Der Bildungsgipfel selbst fand dann aber in einem relativ
windgeschützten, abseits gelegenen Örtchen am Rande von Dresden statt. Ich
dachte dabei an das Tal der Ahnungslosen zurück. Der Bildungsgipfel wurde dann
zu einem Bildungshügelchen. Woran ich bei der Gelegenheit auch denken musste,
war, dass ja aus Dresden auch einmal ein sächsischer König kam, der sagte: Dann
macht doch euren Dreck alleene!
Auch wenn die
Kanzlerin vielleicht nicht unmittelbar an diesen Ausspruch denken musste, so
waren die Erwartungen trotzdem groß; denn während des Bildungsgipfels wurde
auch einiges angekündigt.
In der vergangenen
Woche gab es im Bundestag auch mehrere wichtige Beratungsgegenstände, unter
anderem das Familienleistungsgesetz. Es ging um die Erhöhung des Kindergeldes
ab 1. Januar 2009 und um ein jährliches Schulhilfspaket in Höhe von
100 € für Kinder aus Haushalten, die Hartz IV oder Sozialhilfe
bekommen.
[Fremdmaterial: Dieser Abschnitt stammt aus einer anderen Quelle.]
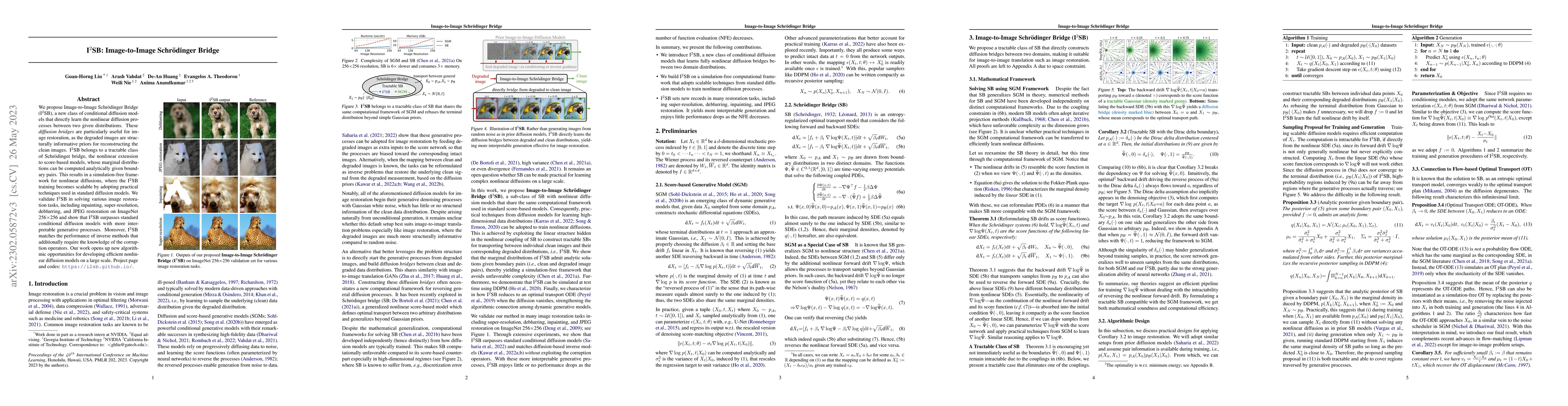 The paper introduces Image-to-Image Schr\"odinger Bridge (I$^2$SB), a novel conditional diffusion model that learns nonlinear diffusion processes between two image distributions, enabling efficient image restoration tasks. I$^2$SB demonstrates superior performance over standard diffusion models in various image restoration applications.

Wir sind natürlich froh über jede Möglichkeit, mit der soziale
Nachteile bei Kindern und Jugendlichen ausgeglichen werden können. Aber in
unseren Augen ist es skandalös, dass der Lernmittelzuschuss auf die Schulzeit
bis zum Abschluss der 10. Klasse begrenzt werden soll.
Das zeigt mir auch,
wie wichtig Bildung in Deutschland in Wirklichkeit ist. Die Wichtigkeit von
Bildung erkennt man, wenn man die großen Worte wie „Bildungsrepublik“ und
„Bildung ist Investition in die Zukunft“ und dergleichen mehr mit den darauf
folgenden Taten vergleicht.
Inzwischen liegt
ein Entschließungsantrag des Bundesrates vor. Der war an dem Tag, an dem wir
den Antrag formuliert haben, noch nicht präsent. Auf den bezieht sich auch der
Änderungsantrag der beiden Koalitionsparteien. Es hätte auch bei unserem Antrag
bleiben können. Aber sei es, wie es sei. Wir sind ja froh darüber, dass wir
merken, dass es nicht nur in den Landesregierungen, die diesen Gesetzentwurf im
Bundesrat gestoppt haben, sondern auch im Landtag noch ein paar sozial denkende
Menschen.
Auch wenn es
tröstlich ist, dass es den Entschließungsantrag gibt und der
Vermittlungsausschuss am 17. Dezember 2008 und der Bundestag am
19. Dezember 2008 über die Sache noch einmal befinden muss, so besteht der eigentliche Skandal für uns darin, dass
ein solches Gesetz überhaupt eingebracht worden ist.
Man muss dazu
vielleicht auch noch wissen, dass diese Begrenzung auf die
Jahrgangsstufe 10 nur deshalb und auch nur nach langen Diskussionen in der
großen Koalition auf Bundesebene zustande gekommen ist, weil die von anderen
Parteien eigentlich gewollte Ausweitung bis Klasse 12 bzw. 13 an eine von
der CDU gewollte Steuererleichterung für die Kinderbetreuung gekoppelt werden
sollte. Das wollten nun wieder die anderen nicht. Und weil die einen etwas
nicht kriegten, weil es die anderen nicht wollten, wollten diese eben auch
plötzlich alles nicht mehr. Auf wessen Rücken wird so etwas ausgetragen? Immer
auf dem Rücken derer, die sich schwer wehren können.
Man sollte dazu
vielleicht noch wissen, dass die Kosten für eine Ausweitung des
Schulbedarfspaketes über Klasse 10 hinaus auf
ca. 17 Millionen € geschätzt wurden. Die Einnahmeausfälle durch
die von der CDU gewollte Steuererleichterung für die Kinderbetreuung wurden
hingegen auf 70 bis 100 Millionen € geschätzt.
Die Begrenzung
dieses Schulstarterpaketes auf Klasse 10 soll nun im Vermittlungsausschuss
am 17. Dezember 2008 geheilt werden. Wir wollen unsere Landesregierung mit
freundlichen Worten dorthin begleiten, dass sie im Sinne unseres Antrags
entscheidet und das auch beachtet.
Wir wollen
natürlich auch, dass der im Entschließungsantrag geforderte andere Umstand noch
mit zum Tragen kommt, dass nämlich die Kindergelderhöhung ab
1. Januar 2009 um 10 bzw. 16 € nicht auf die Hartz-IV-Regelsätze
angerechnet wird. Ich finde, es ist ein weiterer Skandal, dass diese Erhöhung
angerechnet wird. Das ist heute nicht mein Thema. Aber es wird immer ein Thema
bleiben, bis die Regelsätze für Kinder neu und auskömmlich berechnet worden
sind.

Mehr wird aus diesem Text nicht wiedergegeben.